*Problem to solve*
Write out the entries below exactly, starting at the first line and stopping after the line that contains "说明浅红色区域有铜元素,由于"; skip all pictures.

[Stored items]
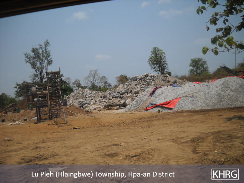 These photos were taken by a KHRG community member in April 2016, in Lu Pleh [Hlaingbwe] Township, Hpa-an District. The photos show a vehicle road being constructed from Lu Pleh [Hlaingbwe] Town to Klaw K’Tee [Shan Ywa Thit] Town, and piles of stones that are being used for the road construction. [Photos: KHRG]
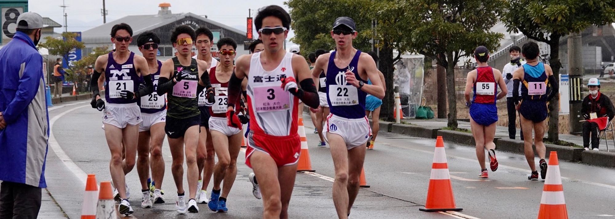 Daisuke Matsunaga leads the field at the 46th All Japan Race Walking event in Nomi (© Organisers)
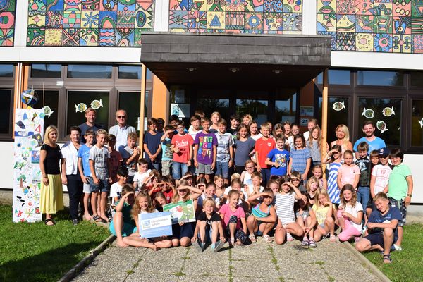 BAV-Vorsitzender Bgm. Mag. Herbert Brunsteiner und Bürgermeisterin Elisabeth Höllwarth-Kaiser mit Schüler*innen und Lehrer*innen der Volksschule Oberhofen a. I.
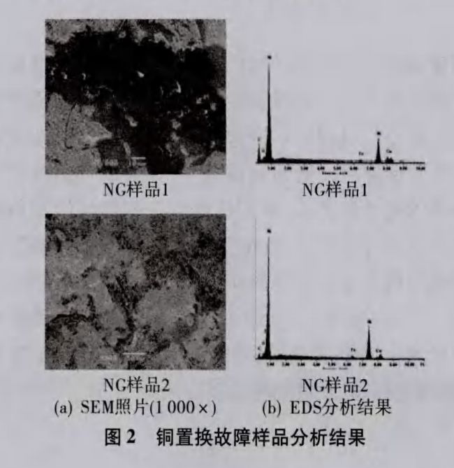 说明浅红色区域有铜元素,由于未经镀铜,电镀过程中有可能发生置换反应导致局部出现铜沉积,故把这类故障现象确定为铁与铜发生置换反应,导致置换铜发生氧化变色现象。
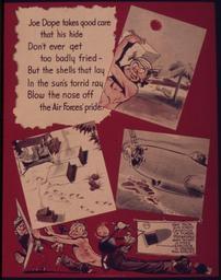 Keywords: "Joe Dope takes good care that his hide Don't ever get too badly fried" - NARA - 514692.tif Scope and content General notes 514692 Local identifier 44-PA-1143CC Office for Emergency Management Office of War Information Domestic Operations Branch Bureau of Special Services 03/09/1943 - 09/15/1945 NARA-Author Eisner Will 1917- Artist 1835939 <br /> Still Picture Records Section Special Media Archives Services Division NWCS-S National Archives at College Park 8601 Adelphi Road College Park MD 20740-6001 1941 - 1945 Record group Record Group 44 Records of the Office of Government Reports 1932 - 1947 Record group ARC 373 World War II Posters compiled 1942 - 1945 Series ARC 513498 File unit File unit ARC Variant control numbers NAIL Control Number NWDNS-44-PA-1143CC yes Other versions <gallery> File Joe_Dope_takes_good_care_that_his_hide_Don't_ever_get_too_badly_fried _-_NARA_-_514692 tif tif File Joe_Dope_takes_good_care_that_his_hide_Don't_ever_get_too_badly_fried _-_NARA_-_514692 jpg jpg </gallery> NARA-cooperation PD-USGov World War II posters from the United States NARA TIF images with categorized JPGs |
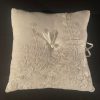 Small, White, Embroidered Ring Pillow.
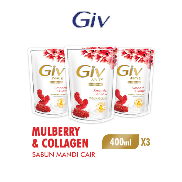 Giv White Sabun Mandi Cair Mulberry Pouch 400 ml x3
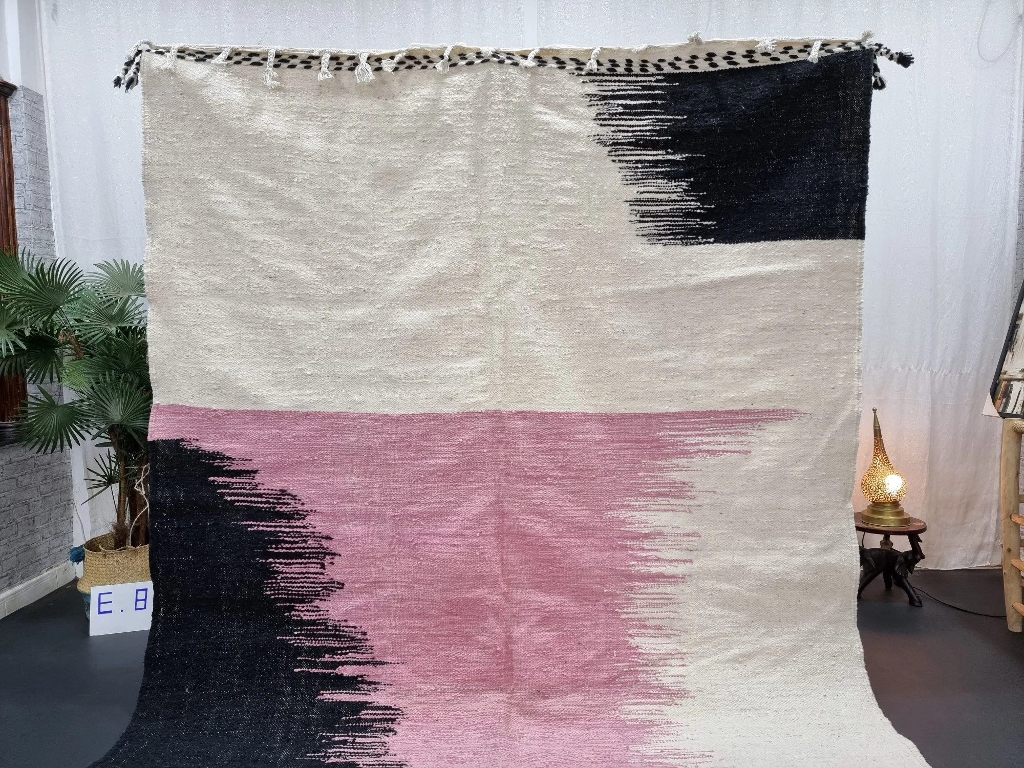 Inspired by the natural smudges of ink painting and the contrasting tension of modern aesthetics, this rug features a striking black and pink base, with soft pink transitioning naturally like “poetic brushstrokes freely swished across a brush.” Black and white, like “the tranquil smudge of ink on rice paper,” weave together the relaxed, oriental aesthetic with the coolness of modern design, transforming the rug into a “walkable canvas.”
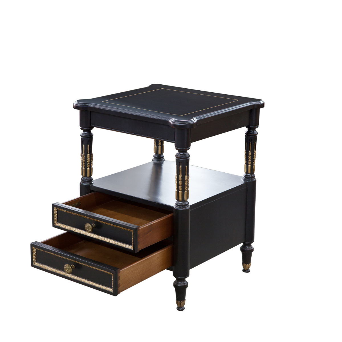 * 精細(xì)的雕刻工藝配上仿金箔與十八道油漆工藝; * 結(jié)實(shí)的連接技術(shù); * 二個(gè)儲(chǔ)物功能的抽斗; * 多種實(shí)木薄片拼接工藝;
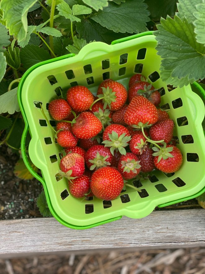 I’ve always wanted to grow my own, and I’m finally making progress this year. When I built my raised bed garden last spring, I built a 2 foot by 10 foot long bed for strawberries. That will comfortably fit about 20 strawberry plants. With strawberries, they will produce some their first year, but they really do better the 2nd year after they have gotten established. I planted those first 20 plants last year (10 Sweet Charlie variety and 10 Ozark Beauties) and they went crazy! Strawberries send off runners in order to keep producing new plants, so I ended up with a box full of plants! I cleaned it out in late winter and ended up having about 100 rooted strawberry plants! I kept 20 in my original box, made 2 more boxes of 36 plants total, and then shared about 50 extra plants with a friend!
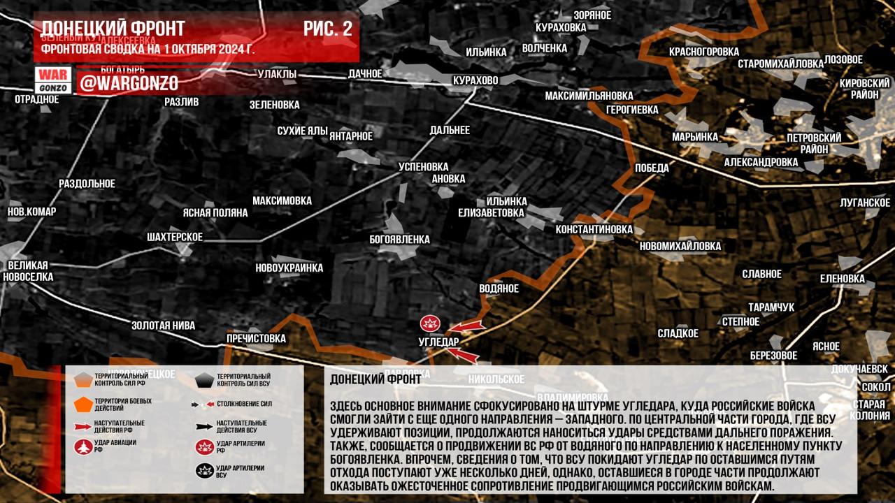 Ситуация на 01.10.2024 08:17. Канал Wargonzo сообщает: На утро 01.10.2024 ситуация на фронте остаётся стабильной, без существенных изменений. На Запорожском фронте бои носят позиционный характер, активно используются средства дальнего поражения. На Донецком фронте российские войска сосредоточены на штурме Угледара, где продолжаются удары по позициям ВСУ. Сообщается о продвижении ВС РФ от Водяного к Богоявленке, несмотря на ожесточенное сопротивление украинских сил в Угледаре. Селидово может оказаться в окружении из-за наступления российских войск с севера и юга. На часовоярском направлении активность снизилась, российские войска пытаются улучшить позиции на флангах. В Харьковской области боевые действия продолжаются, ВКС РФ наносят удары по Волчанску. В Курской области восстановлен контроль российских войск на участке границы, ВСУ продолжают атаки в районе Весёлого, но без успеха, сообщается о уничтоженной украинской бронетехнике.
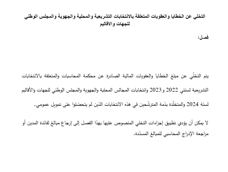 وطنية: صادق نواب البرلمان اليوم الاثنين 2 ديسمبر 2024 ، على فصل إضافي لمشروع قانون المالية لسنة 2025 بـ 60 نعم و22 إحتفاظ و24 رفض. قراءة المزيد صادق نواب البرلمان اليوم الاثنين 2 ديسمبر 2024 ، على فصل إضافي لمشروع قانون المالية لسنة 2025 بـ 60 نعم و22 إحتفاظ و24 رفض. وينص الفصل على “التخلي عن الخطايا والعقوبات المتعلقة بالانتخابات التشريعية والمحلية والجهوية والمجلس الوطني للجهات والاقاليم”.مواصلة الجلسة العامة المشتركة للنّظر في أحكام مشروع قانون الماليةالبرلمان يوافق على تمديد العمل بالمساهمة الاجتماعية التضامنيةالبرلمان/ المصادقة على فصل لتسوية ديون الفلاحينالمزيد من الأخبار
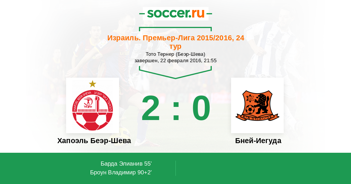 Протокол матча Хапоэль Беэр-Шева против Бней-Иегуда
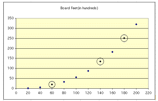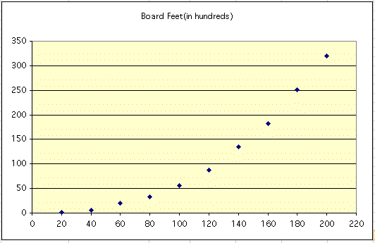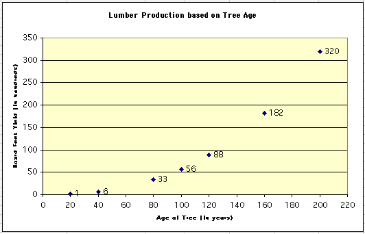 Let's be sure we agree on how to interpret the table. Based on previous experience, people in the lumber industry claim that, in general, a tree that is 20 years old will provide 100 (1 x 100) board feet of lumber; a 200 year old tree will yield 32,000 (320 x 100) board feet.
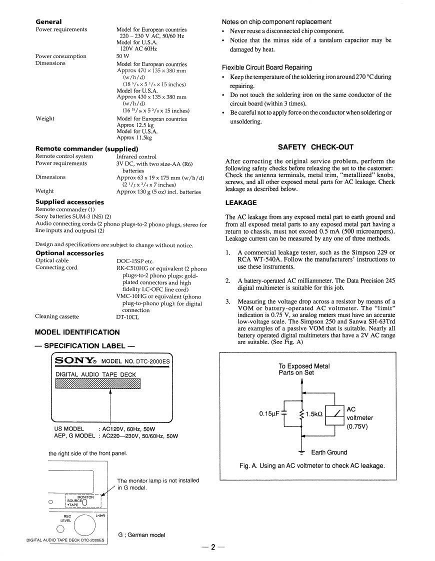DTC-2000ESSERVICE MANUALUS ModelAEP ModelPhoto AEP Model微电子时空基准带好音乐的休闲时光SBMfzmcu.taobao.comDigital Audio TapeSuper Bit MappingModel Name Using Similar MechanismNEWDATM-53 (US,AEP Model)MD Mechanism TypeDATM-54 (German Model)SPECIFICATIONSTapeDigital audio tapeInputRecording headRotary headJack typeImpedanceRated input levelRecording timeStandard:120 minutesLong-play mode:240 minutes(withLINE INPhono jack47 kilohms4dBDT-120)DIGITAL INPhono jack75 ohms0.5Vp-p,t20%Tape speedStandard:8.15 mm/sLong-play mode:4.075 mm/sDIGITAL INOptical jackDrum rotationStandard:2,000 rpmMICPhone jack47 kilohms-44 dBLong-play mode:1,000 rpmError correctionDouble-Read Solomon codeOutputTapeRatedLoadTrack pitch13.6m(20.4μ4m)Jack typeImpedanceoutputImpedanceSampling frequency48 kHz,44.1 kHz,32 kHzModulation system8-10 ModulationLINE OUTPhono jack470 ohms-4dBMore than 10Transfer rate2.46 Mbit/seckilohmsNumber of channels2 channels,stereoStereoPHONES220 ohms1.3mW32 ohmsD/A conversion (Quantization)phone jackStandard:16-bit linearDIGITGALPhono jack0.5Vp-p,Long-play mode:12-bit non-linearOUT75 ohms±20%75 ohmsFrequency responseStandard:2-22,000 Hz (+0.5 dB)Long-play mode:2-14,500 HzDIGITAL OUT (optical jack)wavelength:660 nm(±0.5dB)Signal-to-noise ratioStandard:more than 94 dBLong-play mode:more than 94 dB-Continued on next pageDynamic rangeStandard:more than 94 dBLong-play mode:more than 94 dBTotal harmonic distortionStandard:less than 0.0035%(1 kHz)Long-play mode:less than 0.075%(1 kHz)Wow and flutterBelow measurable limit (+0.001%DIGITAL AUDIO TAPE DECKW.PEAK)SONY
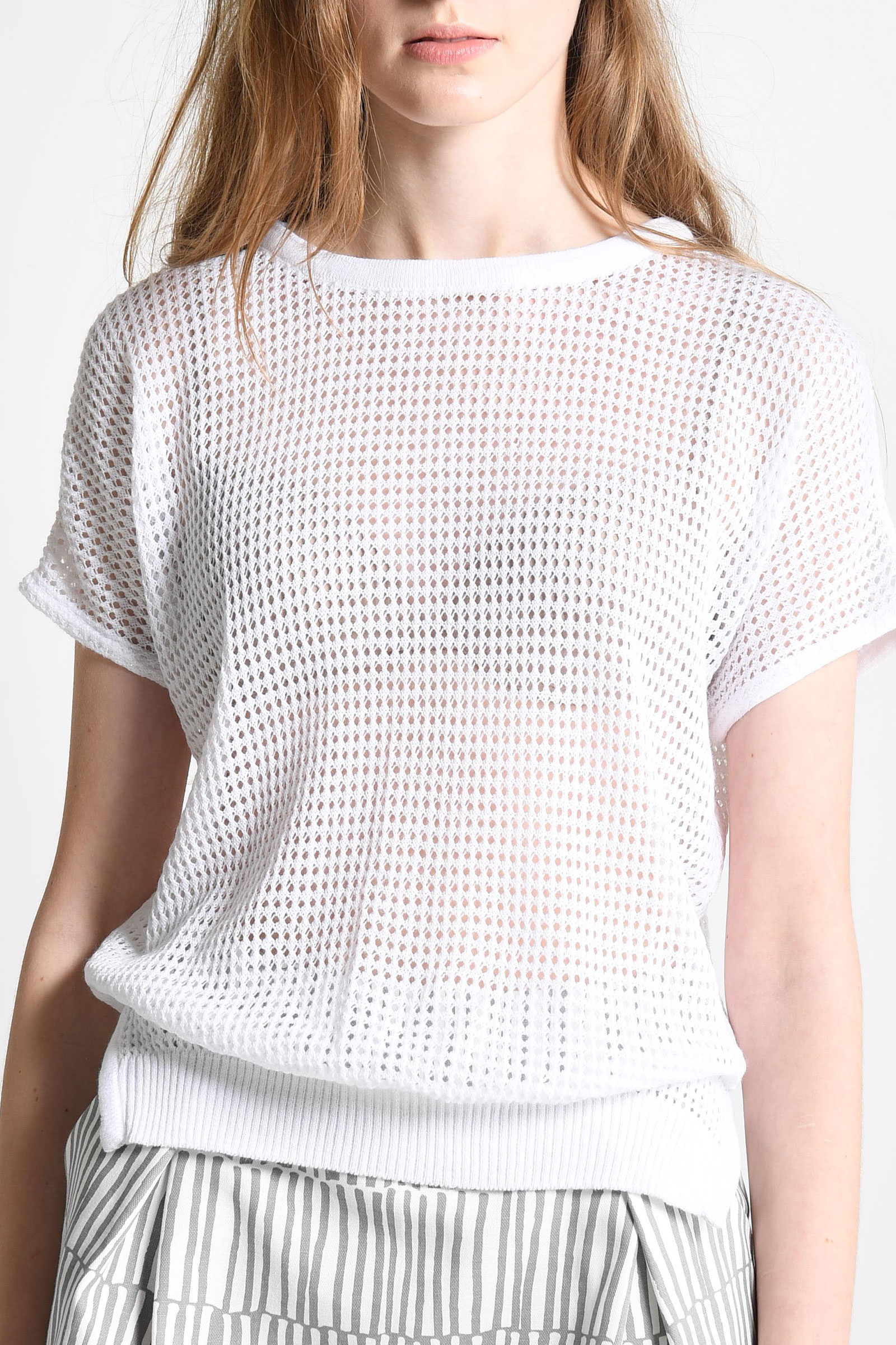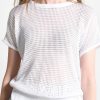 Haut à mancherons en maille point résille irisé, col rond, fermeture goutte d’eau arrière réglable avec cordon de même matière.

*Result of the exercise*
 These photos were taken by a KHRG community member in April 2016, in Lu Pleh [Hlaingbwe] Township, Hpa-an District. The photos show a vehicle road being constructed from Lu Pleh [Hlaingbwe] Town to Klaw K’Tee [Shan Ywa Thit] Town, and piles of stones that are being used for the road construction. [Photos: KHRG]
 Daisuke Matsunaga leads the field at the 46th All Japan Race Walking event in Nomi (© Organisers)
 BAV-Vorsitzender Bgm. Mag. Herbert Brunsteiner und Bürgermeisterin Elisabeth Höllwarth-Kaiser mit Schüler*innen und Lehrer*innen der Volksschule Oberhofen a. I.
 说明浅红色区域有铜元素,由于未经镀铜,电镀过程中有可能发生置换反应导致局部出现铜沉积,故把这类故障现象确定为铁与铜发生置换反应,导致置换铜发生氧化变色现象。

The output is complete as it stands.